Outcomes and Discussion Points:

  • Current knowledge of pathogenesis (Drs. Fearon & Hamilton)
    • Major mutated pathways
    • Familial cancers can demonstrate mutated or wild-type genotype
  • Prognostic markers
    • Specific markers (Drs. Hamilton & Warren)
    • Validation and pathologic correlates (Dr. Compton)
    • Rigidity of current staging system (Dr. Compton)
    • Study problems: low tissue resources and statistical pitfalls (Drs. Compton & Sargent)
  • Therapy
    • Present status (Dr. O'Connell)
    • Anti-angiogenic targets (Dr. Ellis)
    • Immunotherapy (Dr. Foon)
    • Signaling targets (Dr. Adjei)
  • Clinical trial design models for examining new cytostatic compounds
    • Endpoint issues (phases I-II) (Dr. Eisenhauer)
    • Statistical issues (phases I-III) (Dr. Korn)
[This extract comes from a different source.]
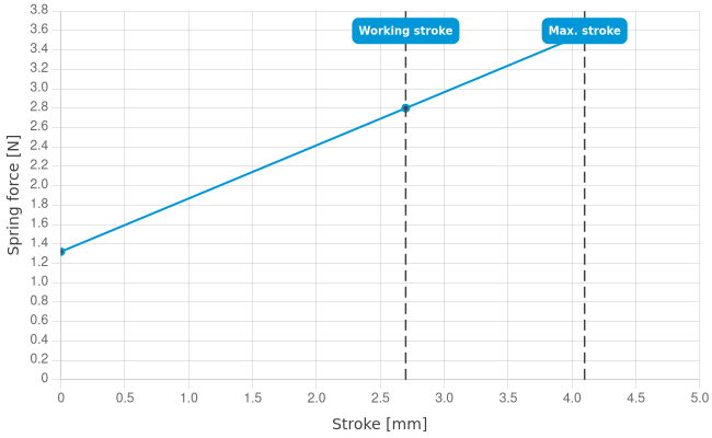 • Spring force at working stroke: 2.8 N [10 ozf]

  • New imaging technology
    • Virtual colonoscopy, CT, MRI (Dr. Ros)
    • PET (Dr. Graham)
    • Percutaneous ablation (Dr. van Sonnenberg)
  • Surgical management
    • Trials: not enough adjuvant therapy and too much surgical nuance (Dr. Wolmark)
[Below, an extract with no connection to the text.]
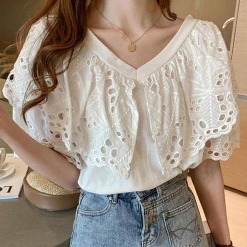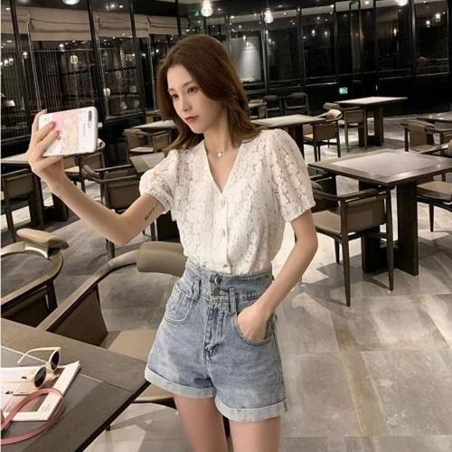 [엄지척]여성 여름 귀여운 브이넥 레이스 반팔 블라우스_19659271_667501

    • Various surgical procedures (Dr. Petrelli), including sentinel lymph nodes (Dr. Kemeny)
  • Treatment tailoring via predictive markers
    • Levamisole trials (Dr. Benson)
    • 5-FU and cisplatin trials (Drs. Saltz & Danenberg)
    • Radiation (p21 WAF1) (Dr. Hamilton)
  • Treatment failure
    • Drug penetration (Dr. Tannock)
    • Tumor repopulation (Dr. Tannock)
    • Radiosensitizing (mainly via ras pathway inhibition) (Dr. McKenna)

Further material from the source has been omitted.